Records for processing —
>>

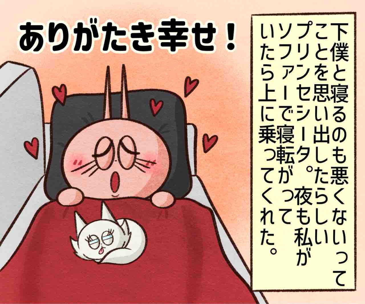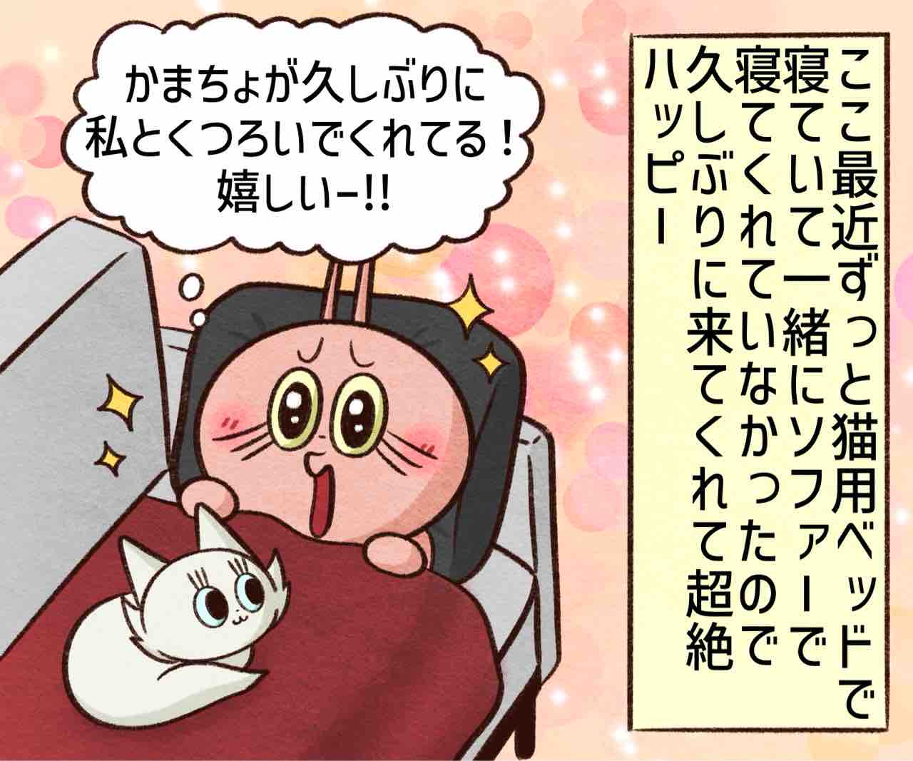 2026年02月12日 睡眠の質を犠牲にしてまで… ブログネタ:【公式】あなたが感じる「幸せ」ってどんな時? に参加中! 猫用ベッドにどハマりしてた頃⬇︎ 人間の上で寝ることを思い出す⬇︎ また猫様用ベッド存在無視されてる。最近は人間がソファーの上にいなくてもソファーで昼寝してる。0か100なのウケる😂ソファーの上で寝るの寒いし朝起きたら体痛くて全く休んだ気がしないけどそれでもかまちょと寝られる方が良い!🥹✨かまちょのLINEスタンプ販売中❤️‼️アプリでフォローしてね‼️ フォローしてくれたら泣いて喜びます クリックして投票してくれたら かまちょも喜びます❤️ 絵日記ランキング にほんブログ村かまちょの写真をアップしたりくだらないことを呟いてるよ🎶ブログには載せていないイラストもアップしてるよ✨
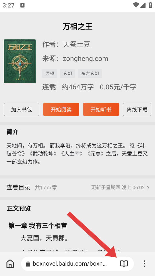 3、在小說的詳情頁,點(diǎn)擊底部書本形狀的圖標(biāo),進(jìn)入閱讀的界面。
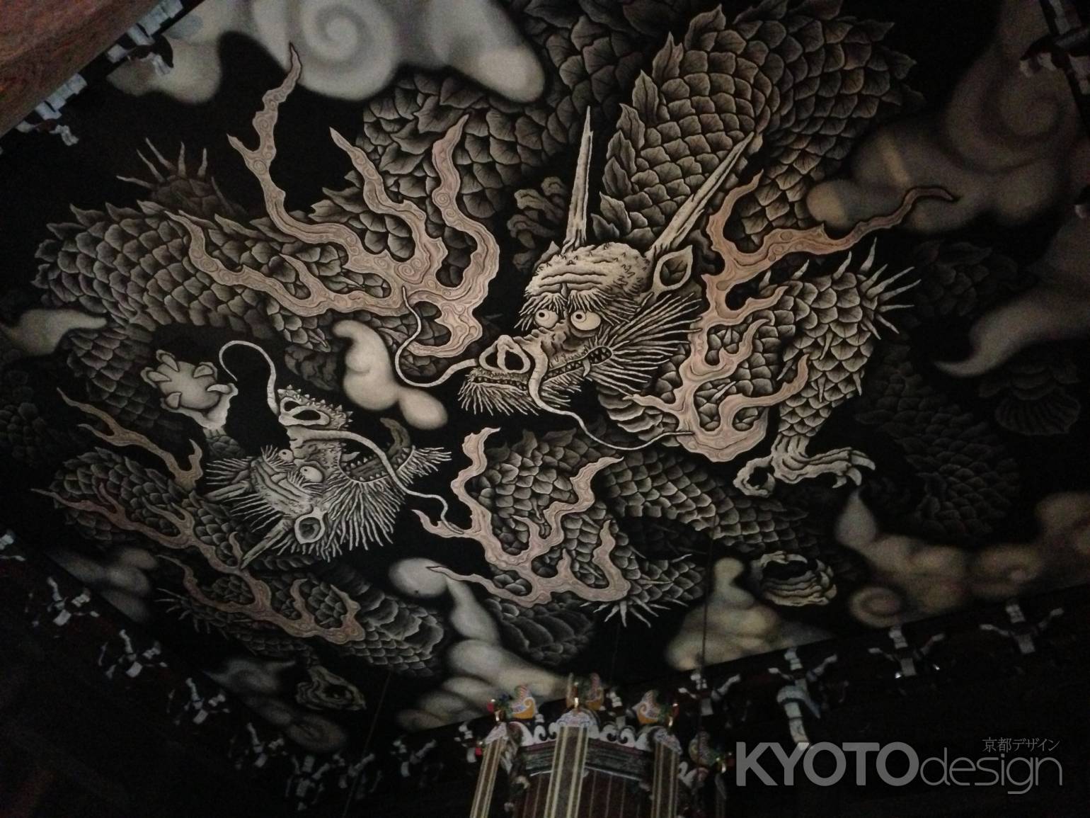 かの有名な宗達「風神雷神図」、法堂の天井画「双龍図」、そして茶室「東陽坊」も。
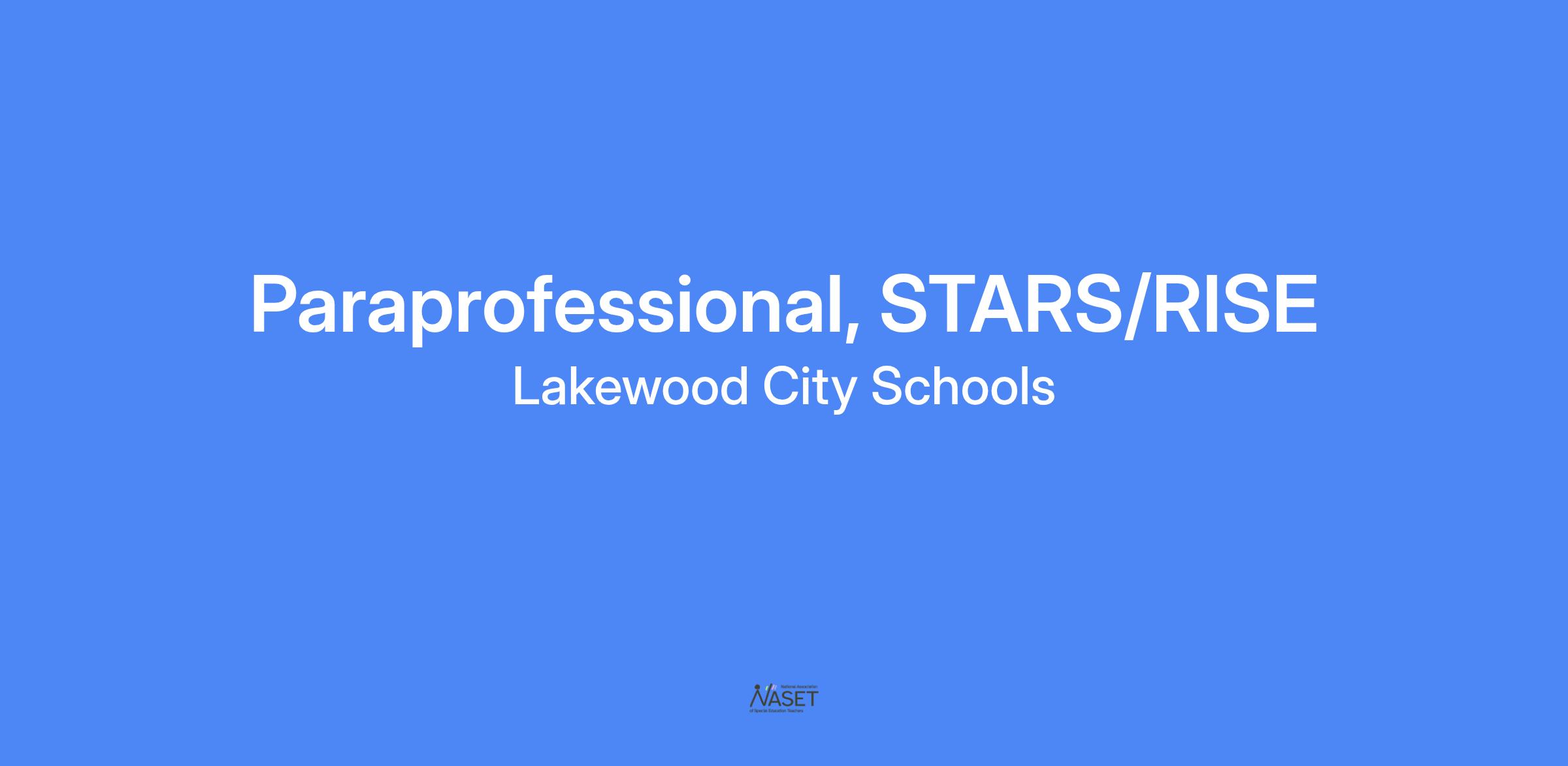 Paraprofessional, STARS/RISE Unit: Emerson Elementary School; 2025-2026 school year; self-contained unit; not to exceed six hours and 15 minutes per day with 30 minutes unpaid lunch; position also includes a 30 minute paid weekly meeting; behavioral focused unit, must be willing to be trained in crisis prevention intervention training; must have or obtain an education aide permit from the Ohio Department of Education and meet the guidelines of Every Student Succeeds Act; responsible to building principal and/or designee.
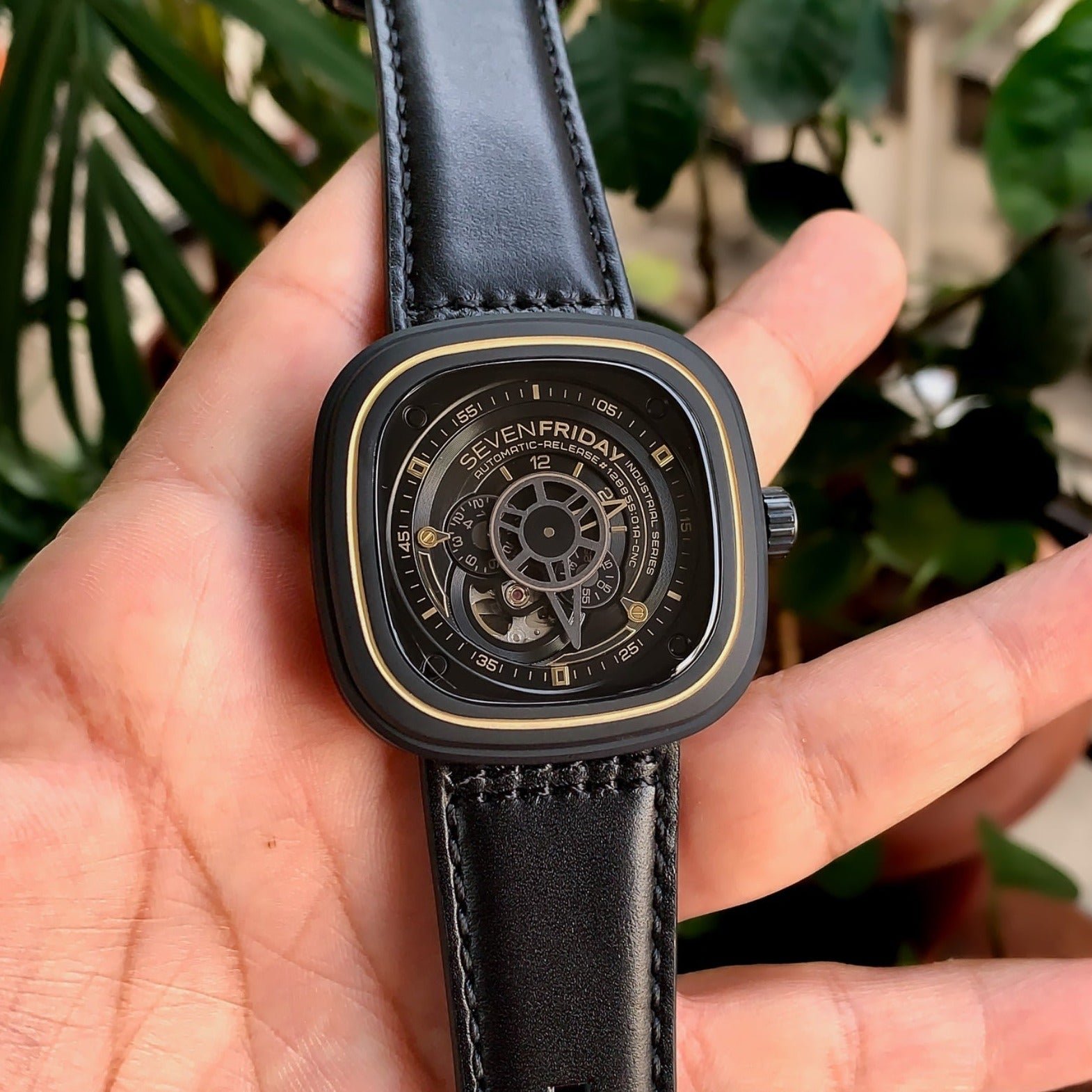 - Dial: Square Shape with Black Steel Case, Golden Bezel, and Skeleton Mechanical Dial with All Chronograph Functions
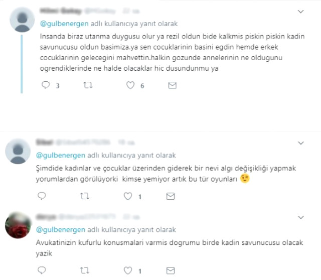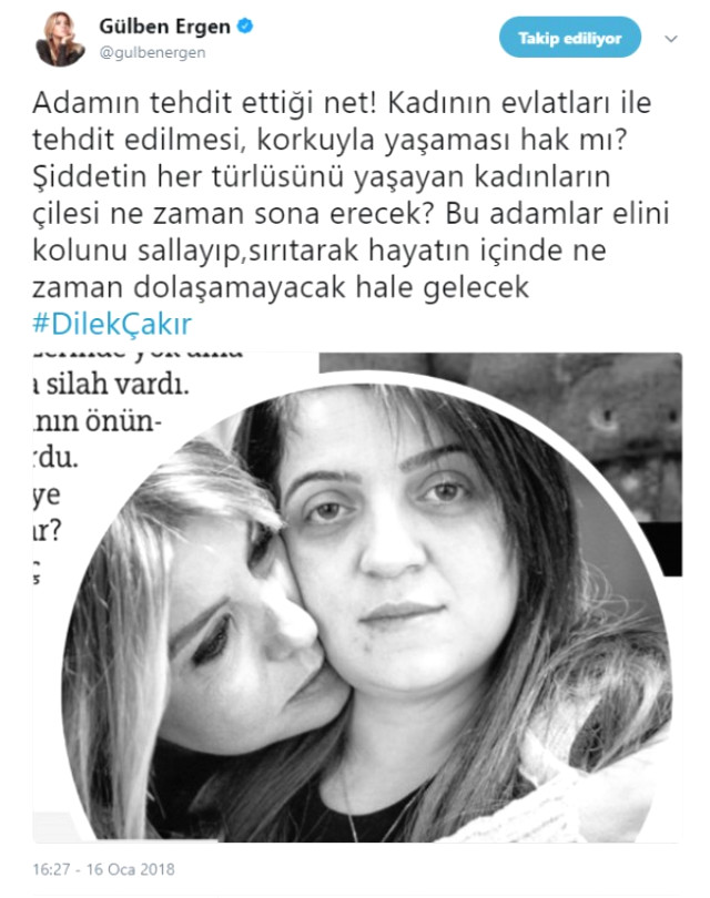 Gülben Ergen paylaşımının altına, “Adamın tehdit ettiği net! Kadının evlatları ile tehdit edilmesi, korkuyla yaşaması hak mı?Şiddetin her türlüsünü yaşayan kadınların çilesi ne zaman sona erecek? Bu adamlar elini kolunu sallayıp,sırıtarak hayatın içinde ne zaman dolaşamayacak hale gelecek #DilekÇakır ” sözlerini yazdı. Büyük bir kesim Gülben Ergen’a “utanma duygusu yok mu sende” şeklinde yorumlar yaptı.
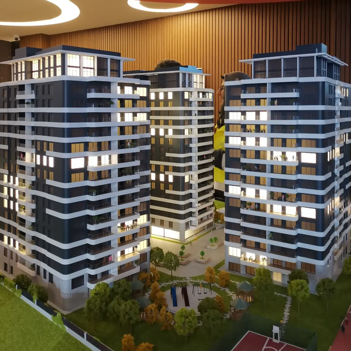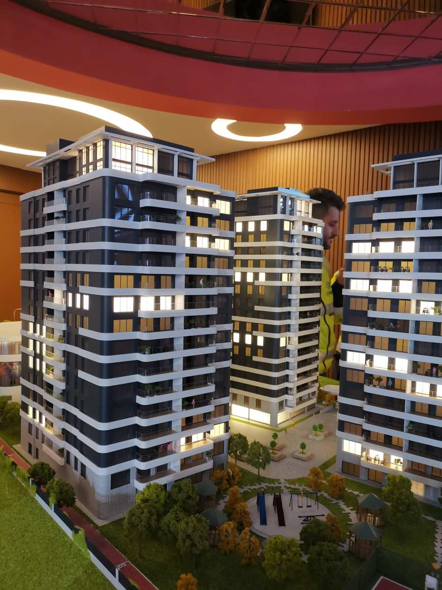 Projenin Adı: Asgardia Aydınlıkevler Firma: CMK GROUP Ölçek: 1/75 Ankara Aydınlıkevlerde CMK Group tarafından geliştirilen, Asgardia Aydınlıkevler projesinin maket çalışması firmamız tarafından gerçekleştirildi. Proje 3+1 ve 4+1, dairelerden oluşan proje, içerisinde bulunan AVM ile dikkat çekmektedir. Bu konut maketi, bilgisayar kontrollü (otomasyonlu) aydınlatma ile üretilmiştir. Her daire aydınlatmasını ayrı ayrı kullanabilme, satılan daireleri işaretleme gibi özellikler sayesinde çok sayıda dairenin satış yapıldığı bu tarzda büyük projelerde kolaylık sağlamaktadır. Proje üzerinde bulunan peyzaj alanları, projenin çevre ile uyumunu, estetik görünümünü yansıtmak için özel üretim çim ve ağaç detayları ile yeterli sayıda çeşitli renkler kullanılarak özenle işlenmiştir. Ticari kısımlara; görselliği yükseltmek, gerçekçiliği artırmak için, arka kısımda UV baskı ile mağaza giydirmeleri, ön kısımda şeffaf cam detayı ile derinlik verilerek üretilecekti
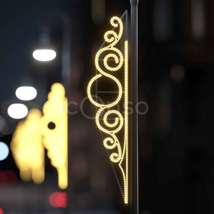 Световая консоль «Завитки» — элегантный декоративный элемент с витиеватыми узорами и тёплым золотистым свечением. Выполнена на алюминиевом каркасе, стойком к коррозии и погодным условиям. Размер 0,6×2,5 м позволяет крепить консоль на фонарные опоры и фасады. Идеально подходит для новогодних, городских или праздничных оформлений. Поставка включает монтажный комплект и электроподключение.

<<

Your task — Pictures in the records should not appear in your copy, but everything else must be transcribed exactly.

Solution to the exercise —
 2026年02月12日 睡眠の質を犠牲にしてまで… ブログネタ:【公式】あなたが感じる「幸せ」ってどんな時? に参加中! 猫用ベッドにどハマりしてた頃⬇︎ 人間の上で寝ることを思い出す⬇︎ また猫様用ベッド存在無視されてる。最近は人間がソファーの上にいなくてもソファーで昼寝してる。0か100なのウケる😂ソファーの上で寝るの寒いし朝起きたら体痛くて全く休んだ気がしないけどそれでもかまちょと寝られる方が良い!🥹✨かまちょのLINEスタンプ販売中❤️‼️アプリでフォローしてね‼️ フォローしてくれたら泣いて喜びます クリックして投票してくれたら かまちょも喜びます❤️ 絵日記ランキング にほんブログ村かまちょの写真をアップしたりくだらないことを呟いてるよ🎶ブログには載せていないイラストもアップしてるよ✨
 3、在小說的詳情頁,點(diǎn)擊底部書本形狀的圖標(biāo),進(jìn)入閱讀的界面。
 かの有名な宗達「風神雷神図」、法堂の天井画「双龍図」、そして茶室「東陽坊」も。
 Paraprofessional, STARS/RISE Unit: Emerson Elementary School; 2025-2026 school year; self-contained unit; not to exceed six hours and 15 minutes per day with 30 minutes unpaid lunch; position also includes a 30 minute paid weekly meeting; behavioral focused unit, must be willing to be trained in crisis prevention intervention training; must have or obtain an education aide permit from the Ohio Department of Education and meet the guidelines of Every Student Succeeds Act; responsible to building principal and/or designee.
 - Dial: Square Shape with Black Steel Case, Golden Bezel, and Skeleton Mechanical Dial with All Chronograph Functions
 Gülben Ergen paylaşımının altına, “Adamın tehdit ettiği net! Kadının evlatları ile tehdit edilmesi, korkuyla yaşaması hak mı?Şiddetin her türlüsünü yaşayan kadınların çilesi ne zaman sona erecek? Bu adamlar elini kolunu sallayıp,sırıtarak hayatın içinde ne zaman dolaşamayacak hale gelecek #DilekÇakır ” sözlerini yazdı. Büyük bir kesim Gülben Ergen’a “utanma duygusu yok mu sende” şeklinde yorumlar yaptı.
 Projenin Adı: Asgardia Aydınlıkevler Firma: CMK GROUP Ölçek: 1/75 Ankara Aydınlıkevlerde CMK Group tarafından geliştirilen, Asgardia Aydınlıkevler projesinin maket çalışması firmamız tarafından gerçekleştirildi. Proje 3+1 ve 4+1, dairelerden oluşan proje, içerisinde bulunan AVM ile dikkat çekmektedir. Bu konut maketi, bilgisayar kontrollü (otomasyonlu) aydınlatma ile üretilmiştir. Her daire aydınlatmasını ayrı ayrı kullanabilme, satılan daireleri işaretleme gibi özellikler sayesinde çok sayıda dairenin satış yapıldığı bu tarzda büyük projelerde kolaylık sağlamaktadır. Proje üzerinde bulunan peyzaj alanları, projenin çevre ile uyumunu, estetik görünümünü yansıtmak için özel üretim çim ve ağaç detayları ile yeterli sayıda çeşitli renkler kullanılarak özenle işlenmiştir. Ticari kısımlara; görselliği yükseltmek, gerçekçiliği artırmak için, arka kısımda UV baskı ile mağaza giydirmeleri, ön kısımda şeffaf cam detayı ile derinlik verilerek üretilecekti
 Световая консоль «Завитки» — элегантный декоративный элемент с витиеватыми узорами и тёплым золотистым свечением. Выполнена на алюминиевом каркасе, стойком к коррозии и погодным условиям. Размер 0,6×2,5 м позволяет крепить консоль на фонарные опоры и фасады. Идеально подходит для новогодних, городских или праздничных оформлений. Поставка включает монтажный комплект и электроподключение.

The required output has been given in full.